───── Given information

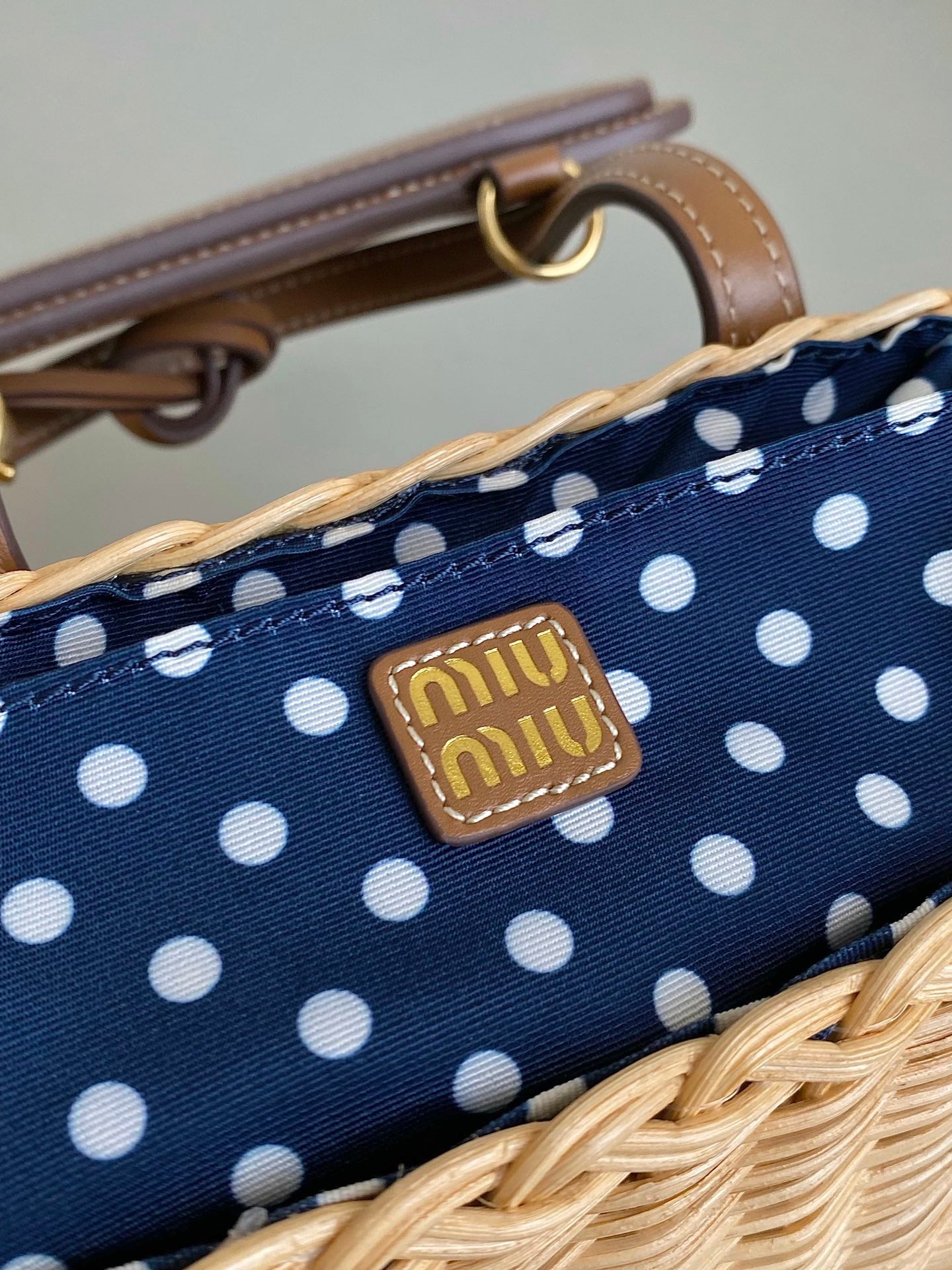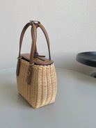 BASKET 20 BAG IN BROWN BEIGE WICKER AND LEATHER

──────────
───── Given information

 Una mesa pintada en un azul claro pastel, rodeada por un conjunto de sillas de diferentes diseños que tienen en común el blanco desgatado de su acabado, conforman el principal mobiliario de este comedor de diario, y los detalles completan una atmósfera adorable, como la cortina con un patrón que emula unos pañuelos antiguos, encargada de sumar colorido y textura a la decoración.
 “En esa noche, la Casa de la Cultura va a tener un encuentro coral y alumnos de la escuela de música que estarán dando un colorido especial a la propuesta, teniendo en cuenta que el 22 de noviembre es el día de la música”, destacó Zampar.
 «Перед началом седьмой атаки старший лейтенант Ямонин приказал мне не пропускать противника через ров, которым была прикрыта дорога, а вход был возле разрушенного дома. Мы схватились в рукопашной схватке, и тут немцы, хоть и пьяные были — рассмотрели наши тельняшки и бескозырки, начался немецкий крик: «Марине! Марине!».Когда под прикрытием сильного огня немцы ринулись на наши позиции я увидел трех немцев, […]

──────────

* [What to do]
Find how many lines above include "colorido"; reply with the number only.

* [Result for this task]
2